Let's be realistic...

When it comes to technology, you can be certain of a couple things: nobody is an expert in everything, and there are always more tools to learn. You could be a pro frontend developer who speaks multiple foreign languages and can cook a mean soufflé, but eventually you'll find yourself in the same boat as the 99% of people who aren't experts; you may discover that you're... a beginner.

One of the biggest challenges when you pick up new software is, well, where do you begin? Documentation can be suffocating. Trial-and-error is a sketchy way to try and learn how to do something correctly. Oh, and who doesn't feel guilty after they've blown up their teammates with Slack questions?

Well, this guide is for the people, the 99% of us who want some quick hands-on experience to build context around. That's not to say you'll be an expert after this, but you'll be on your way.

Let's jump in.

Part One: Interception Inception

So, here you are, on a team that uses Ambassador Cloud for your Kubernetes workflow.

Welcome aboard.

Everyone knows it can be rough adopting new software into your workflow. Maybe you still long for the simple days of the PHP monolith when you built everything locally, before you had to deal with Kubernetes environments with a hundred microservices across your clusters. Or maybe your resume is more of a “aspirational” document. Nobody’s making judgements.

Either way, we all know the days of running all your services at once on a monolith application are rightfully over. It wasn’t the best solution. Does that mean it’s going to be a headache if you want to make a simple change, though? Nah, we’re here with a Cloud-based painkiller designed to relieve the headaches of Kubernetes development and simplify your workflow.

With Telepresence, you can create an “intercept” of service to code easier. The coding changes you make on the intercepted service can be viewed as if you were running the cluster on your laptop. It’s simple. No long waits or build time = more time to code.

This guide walks you through a quick hypothetical example to show how to create an intercept, make a basic change, and then use the automatically generated preview link to send to your teammates to impress them with how quickly you’re getting the hang of things.

The Situation

Let’s say you’re doing some front end development. You already have Git access, and Ambassador Cloud has been set up so that all the services for your clusters are displayed. Your team has been working on a new feature, and you need to add a new button style to the CSS to show them how it’ll look on the app.

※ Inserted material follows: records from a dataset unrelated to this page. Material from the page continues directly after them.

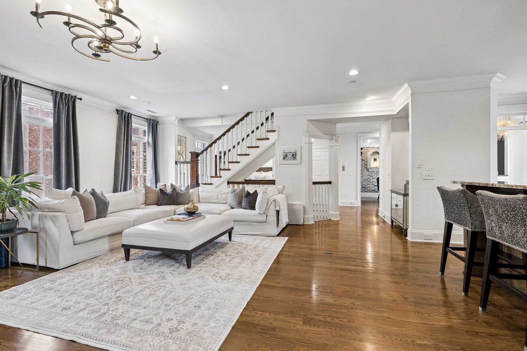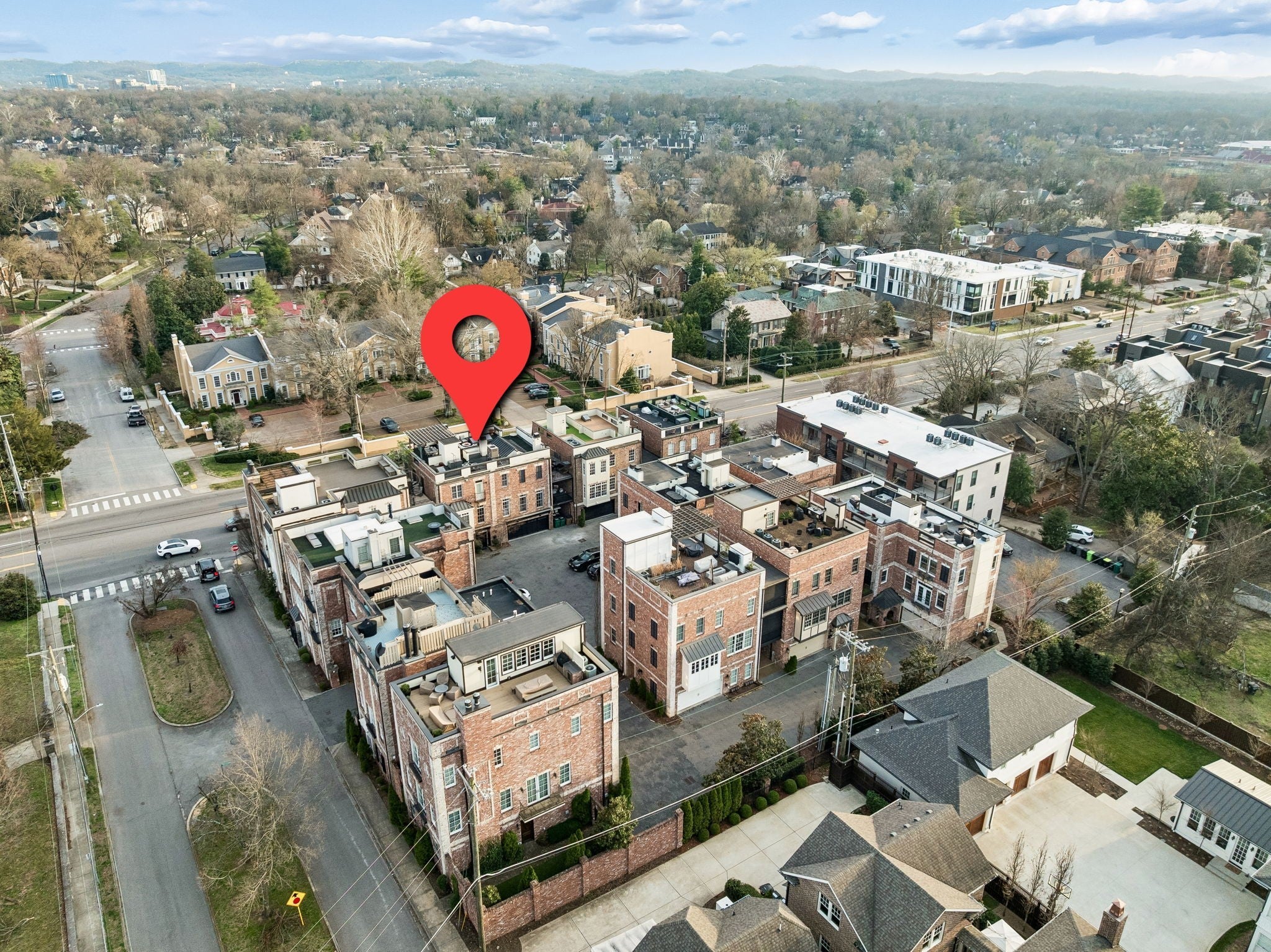 Showings Begin on Saturday, March 14th! Experience refined urban living in this exceptional brownstone located in the highly sought-after West End of Nashville. Offering 4,001 square feet of thoughtfully designed space across three expansive levels, this 4-bedroom, 4 full and 1 half-bath residence blends timeless architectural character with modern luxury—complete with private elevator access to all floors. Rich exposed brick accents and sophisticated finishes set the tone throughout the home, while three wet bars provide the perfect setting for effortless entertaining on every level. Wine enthusiasts will appreciate the impressive 600-bottle wine cellar—an elegant showcase for any curated collection. Outdoor living is equally exceptional, featuring two private porches and a stunning rooftop terrace ideal for hosting gatherings or enjoying serene sunset views. Whether relaxing with friends or entertaining on a grand scale, this home was designed to elevate every occasion. Located within an exclusive gated community in the heart of West End, this brownstone offers privacy, security, and immediate access to premier dining, entertainment, and cultural attractions—truly capturing the Nashville lifestyle at its finest. This is luxury city living without compromise.
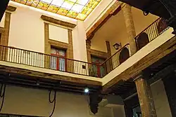 The tezontle stone façade of the current building dates from 1775, and at the peak above the main door is the coat of arms of the Count of Regla.[3] In the main doorway there is the coat of arms of Mexico and a bust of Don Pedro Romero de Terreros. The inside of the building has been completely modified except for a few details. The third floor was added in 1948.[4] What had been Cortés's accounting room while he was the Marquis of the Valley of Oaxaca, became a chapel and remained so until 1926. Since then, it has been a museum, housing painting by José de Páez from 1775, building decorations from the 18th and 19th centuries, cancellation stamps, paper money and certificates from 1880 and the building's original statues.[1]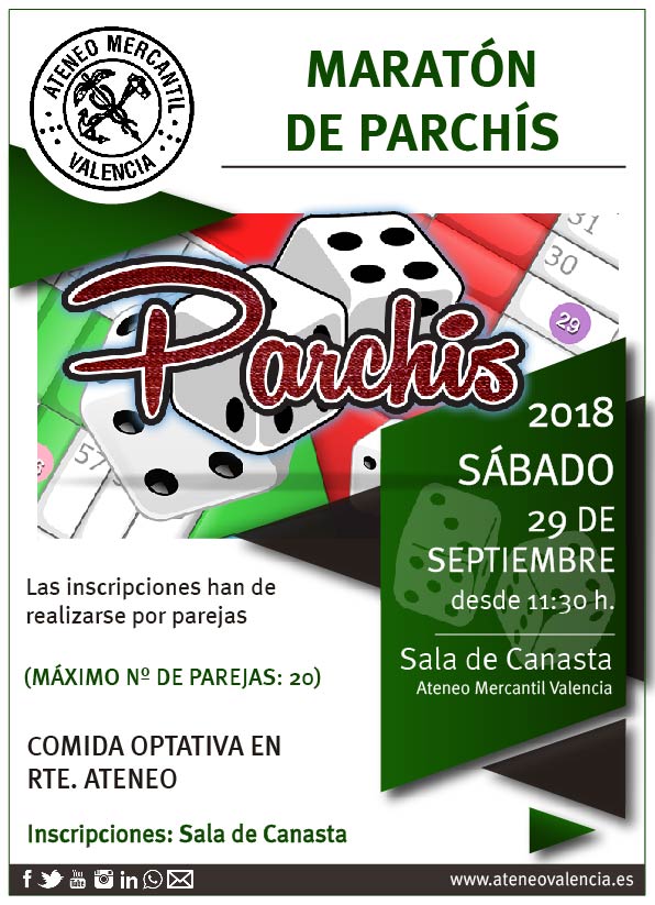 Llega de nuevo un Maratón de Parchís cuyas inscripciones han de realizarse por parejas. El torneo se disputa con un máximo de 20 parejas. El sábado 29 de septiembre, a partir de las 11.30 horas de mañana se disputará el maratón. Las inscripciones se realizarán en la Sala de Canasta y hay posibilidad de quedarse a comer en el Restaurante del Ateneo Mercantil. Si quiere más información debe contactar con Lola Bermell, responsable del Parchís y de la Canasta en el Ateneo Mercantil.

All you need to do is add the button to the CSS, make sure it looks classy, and then show off what it looks like live. With an intercept, you can test your work and share a preview link so that others can see the results in a matter of minutes.

Ambassador Cloud Connection

To begin, let’s open Ambassador Cloud and take in the view.

All your services are listed.

At the top of the page you’ll see the not connected icon. Click the icon to open the dropdown and click connect to open the “Connect computer” slideout.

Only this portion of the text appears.